Wishnetsky died four days later on February 16. Adler remained in a coma for nearly a month before dying on the morning of March 11. Both men were buried in the congregation's cemetery in Birmingham, Michigan. Between 6,000 and 20,000 people attended Adler's funeral, and his death was reported in newspapers around the world.

== Historiography ==
(See also: History of the Jews in Metro Detroit)

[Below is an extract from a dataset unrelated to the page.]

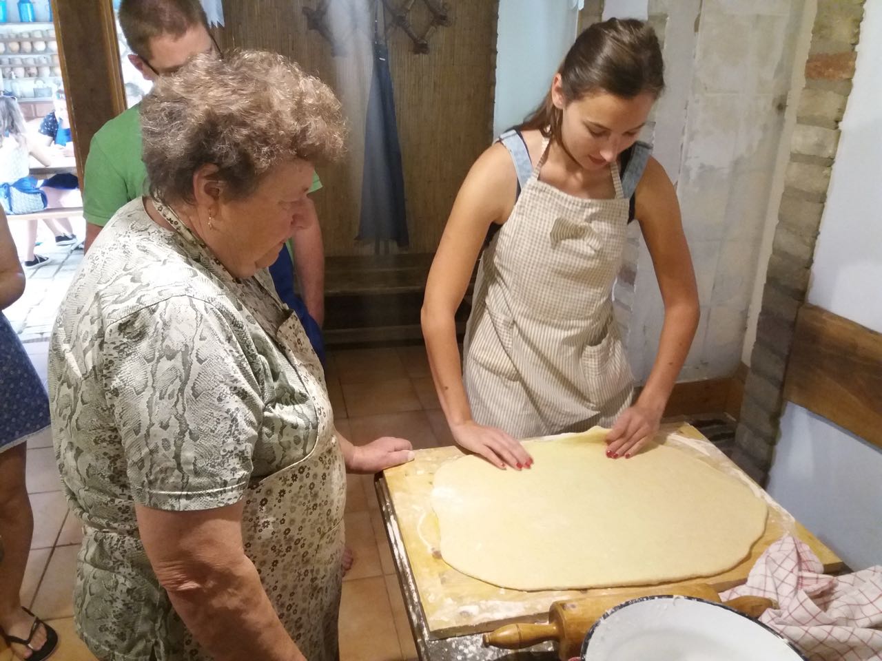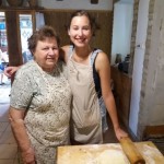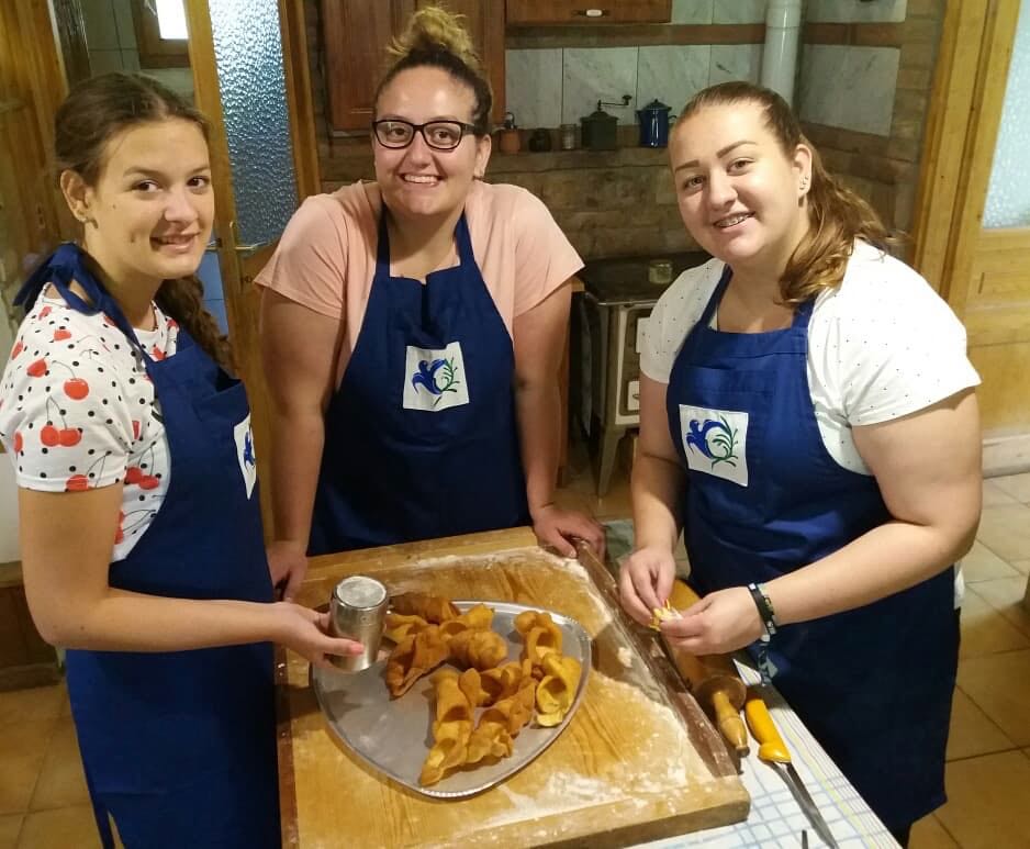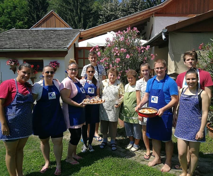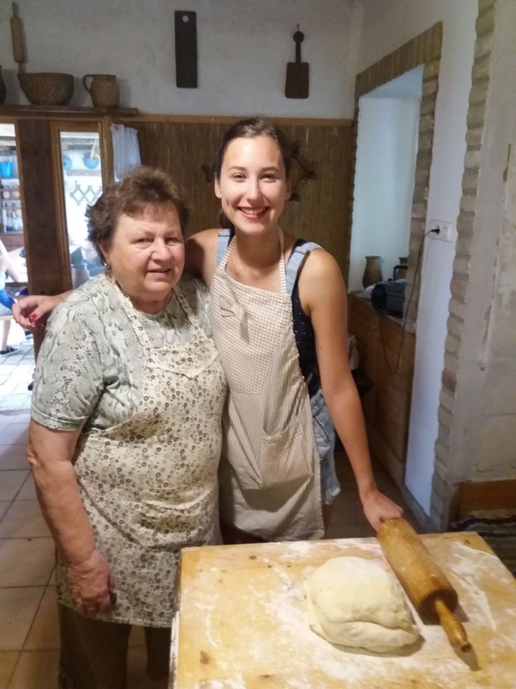 An jedem Vormittag bereiteten wir mit unseren Gastgebern, mit der Familie Markesz, eine Suppe, ein Hauptgericht und ein typisches Gebäck zu. Im Laufe der Woche machten wir zum Beispiel Kraut und Knedel, Ohrwaschl, Bohnensuppe mit Hefeknedl, Schmerkipfel und Strudel. Interessant war, dass wir doch viele Ähnlichkeiten mit unserer Gastronomie entdeckten. Viele Spezialitäten haben nur eine andere Bezeichnung – beispielsweise Ohrwaschl wird bei uns Zimetkrofni genannt -, oder wir fanden nur winzige Unterschiede in den Rezepten. Die Grundzüge sind also in den Küchen der beiden Ortschaften gleich, die Sparsamkeit und die Handlichkeit sind in den Vordergrund gestellt, es gibt nur wenige Fleischgerichte, Gemüse wie Bohne, Kraut, Tomate werden besonders häufig und gerne aufgearbeitet. Frau Kathi und Resi waren immer sehr hilfsbereit und nett zu uns, sie brachten uns Vieles bei. Die Mädchen wurden öfters gelobt, weil sie geschickt und selbstständig arbeiteten, sie hatten in Hartian gute Grundlagen bekommen.

Holocaust survivor Elie Wiesel was among those who attempted to make sense of Adler's murder, comparing the incident to the assassination of John F. Kennedy and writing that "the Jews of Detroit have been walking as if in a nightmare. They do not understand. . . . They ask: how did it happen? Why? They have no answer." He argued that Wishnetsky's act "[came] not from an indifference to meaning, but from a desperate search for meaning."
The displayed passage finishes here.